Это на тот случай, если мне придется ходить одному. Но сейчас мы идем вместе. Впереди дни бесконечной тундры, болот и крутых перевалов. Мы спешим. Мы сверяем часы и компасы. И я рад, что у нас с Сережей один азимут на двоих.
А потом случилось так, что поле кончилось. Те, кого ждали, вернулись к тем, кто ждал, другие возвращались в свой холостяцкий неуют, но все собирали рюкзаки для новых походов…
Приключения всегда говорят о том, что ты чего-то не можешь, а мне хотелось быть опытным тундровиком.
Тогда, во второй раз, мы были вместе с Нанывгаком. Мы прижались друг к другу и курили. Снег совсем засыпал нас, яму под нартами мы выкопали хорошую. Пурга бесновалась где-то над нами.
Было тепло.
Со стариком мы старые друзья. И вообще, когда сидишь под снегом, всегда говоришь правду. Я рассказывал о Ней. О том, что это лучшая женщина в мире. И о том, что несчастья начнутся тогда, когда вдруг появится другая — тоже самая лучшая, или еще, не дай бог, третья — самая, самая, самая…

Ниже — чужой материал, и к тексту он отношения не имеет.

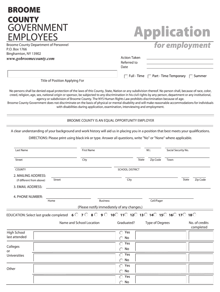 BROOKE COUNTY GOVERNMENT EMPLOYEES Application for employment Brooke County Department of Personnel P.O. Box 1766 Binghamton, NY 13902 www.gobroomecounty.com Action Taken Referred to Date Full Time
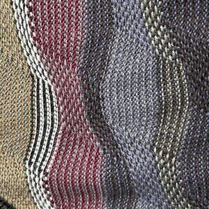 Classic Tundra Canada design with multicolor textured 3D knit pattern in maroon, beige, gray, black, and off-white tones.
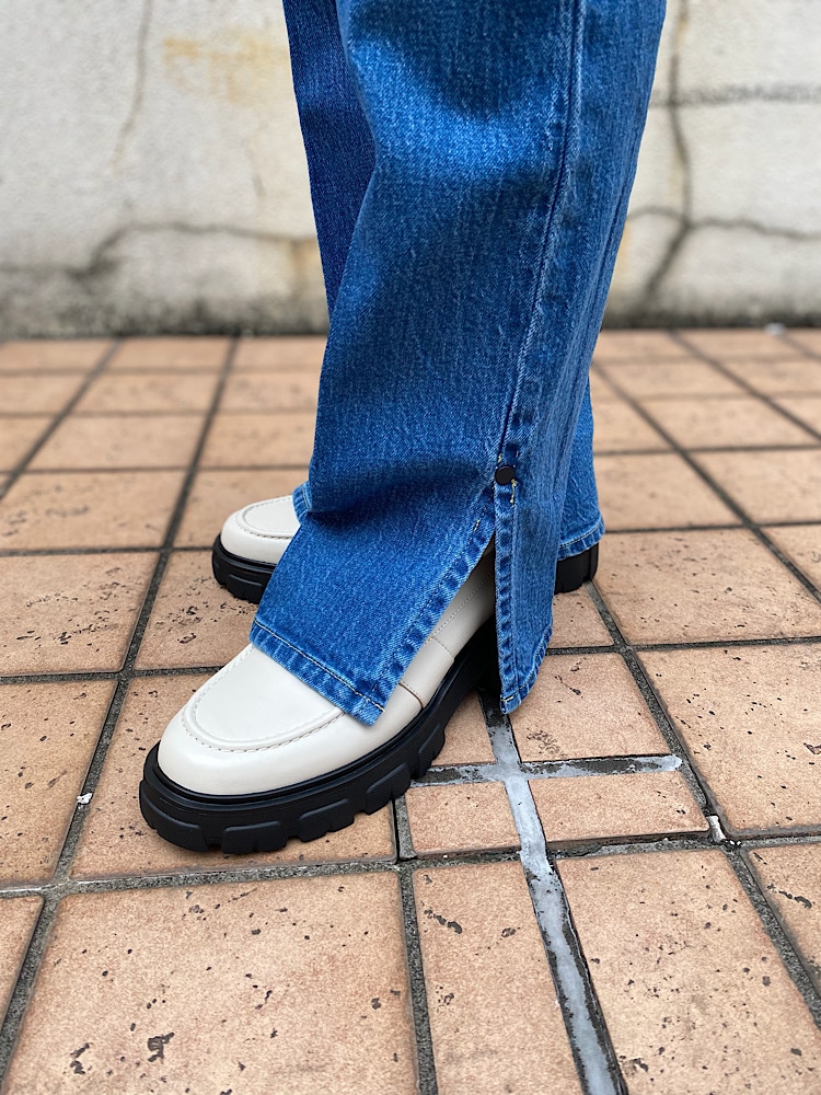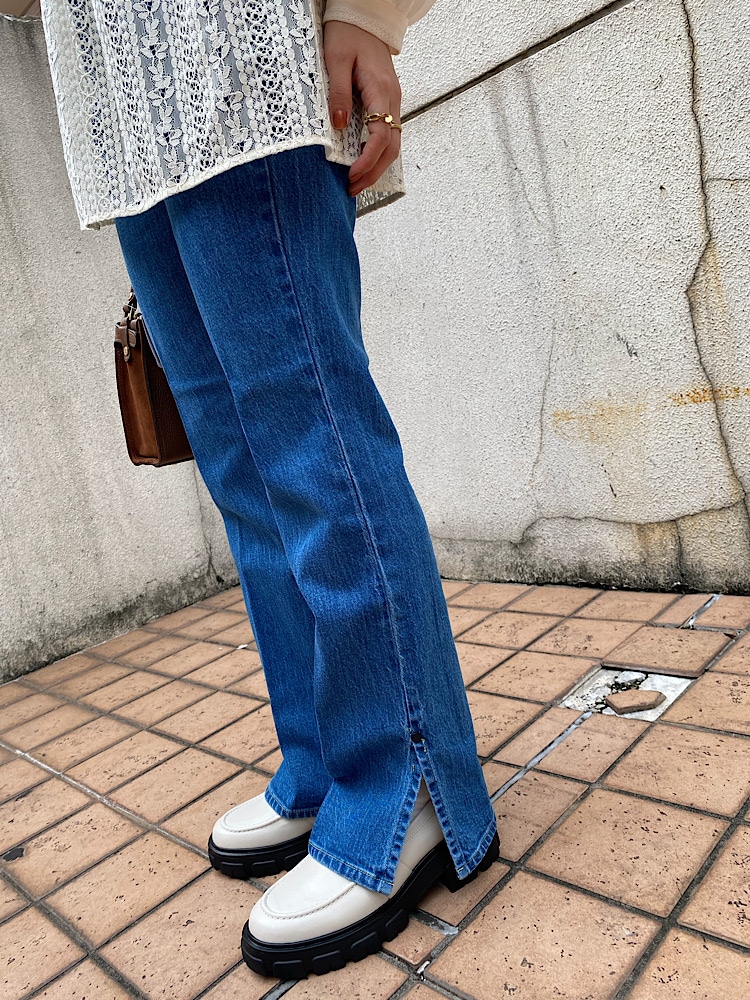 サイズ感:ハイウエストで太もも周りすっきり、裾はフレアです

Старик молча кивал головой. Это он знал лучше меня: месяц назад Нанывгак похоронил Ильмытваль — свою единственную на этом свете женщину. Оставила она ему четырех дочерей.
В прошлом году Ильмытваль узнала, что у меня родился сын, и спросила, когда Она и сын приедут с «материка». Я сказал, что осенью. Осенью Она и сын действительно приехали. Парень был уже большой — месяцев семь.
Вечером Ильмытваль и с ней две старухи пришли ко мне в гости. Сначала мы пили чай и обсуждали поселковые дела. Затем они спросили, где сын? Я провел старух к нему.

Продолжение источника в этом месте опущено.